• EXERCISE PROMPT: Reproduce exactly the lines below from the one containing "Dit materiaal beschrijft" through the one containing "5 wraps- each", including both, and nothing else.

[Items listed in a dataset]
________________
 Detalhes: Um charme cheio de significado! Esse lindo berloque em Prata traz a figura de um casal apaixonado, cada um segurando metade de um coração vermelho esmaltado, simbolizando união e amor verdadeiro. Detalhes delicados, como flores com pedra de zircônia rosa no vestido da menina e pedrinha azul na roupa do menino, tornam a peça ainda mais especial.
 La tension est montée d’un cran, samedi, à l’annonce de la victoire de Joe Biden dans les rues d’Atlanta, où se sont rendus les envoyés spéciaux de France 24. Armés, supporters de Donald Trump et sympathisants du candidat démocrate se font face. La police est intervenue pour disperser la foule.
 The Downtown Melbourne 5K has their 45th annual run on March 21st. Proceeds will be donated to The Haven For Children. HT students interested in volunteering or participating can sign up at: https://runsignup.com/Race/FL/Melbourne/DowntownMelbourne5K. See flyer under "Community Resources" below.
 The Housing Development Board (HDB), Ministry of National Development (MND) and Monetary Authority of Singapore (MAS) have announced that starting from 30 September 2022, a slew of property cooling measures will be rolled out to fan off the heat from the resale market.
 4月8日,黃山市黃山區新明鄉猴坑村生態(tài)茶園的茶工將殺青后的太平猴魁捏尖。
________________
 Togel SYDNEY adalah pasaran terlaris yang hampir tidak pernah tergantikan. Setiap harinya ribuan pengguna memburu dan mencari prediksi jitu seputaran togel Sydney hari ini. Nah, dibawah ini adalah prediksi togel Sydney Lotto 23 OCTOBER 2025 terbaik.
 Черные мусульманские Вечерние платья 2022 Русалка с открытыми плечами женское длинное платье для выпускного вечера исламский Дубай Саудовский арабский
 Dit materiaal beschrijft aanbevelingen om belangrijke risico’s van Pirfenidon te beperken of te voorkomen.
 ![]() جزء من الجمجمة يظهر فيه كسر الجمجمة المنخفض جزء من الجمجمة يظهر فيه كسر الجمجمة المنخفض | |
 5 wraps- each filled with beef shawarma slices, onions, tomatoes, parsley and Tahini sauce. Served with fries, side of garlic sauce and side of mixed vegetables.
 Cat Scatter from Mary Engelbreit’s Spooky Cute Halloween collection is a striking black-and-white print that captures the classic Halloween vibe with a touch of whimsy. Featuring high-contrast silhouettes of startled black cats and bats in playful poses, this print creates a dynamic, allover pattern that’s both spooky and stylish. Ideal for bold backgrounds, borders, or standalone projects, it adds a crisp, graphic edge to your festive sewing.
________________
• SOLUTION TO THIS EXERCISE:
 Dit materiaal beschrijft aanbevelingen om belangrijke risico’s van Pirfenidon te beperken of te voorkomen.
 ![]() جزء من الجمجمة يظهر فيه كسر الجمجمة المنخفض جزء من الجمجمة يظهر فيه كسر الجمجمة المنخفض | |
 5 wraps- each filled with beef shawarma slices, onions, tomatoes, parsley and Tahini sauce. Served with fries, side of garlic sauce and side of mixed vegetables.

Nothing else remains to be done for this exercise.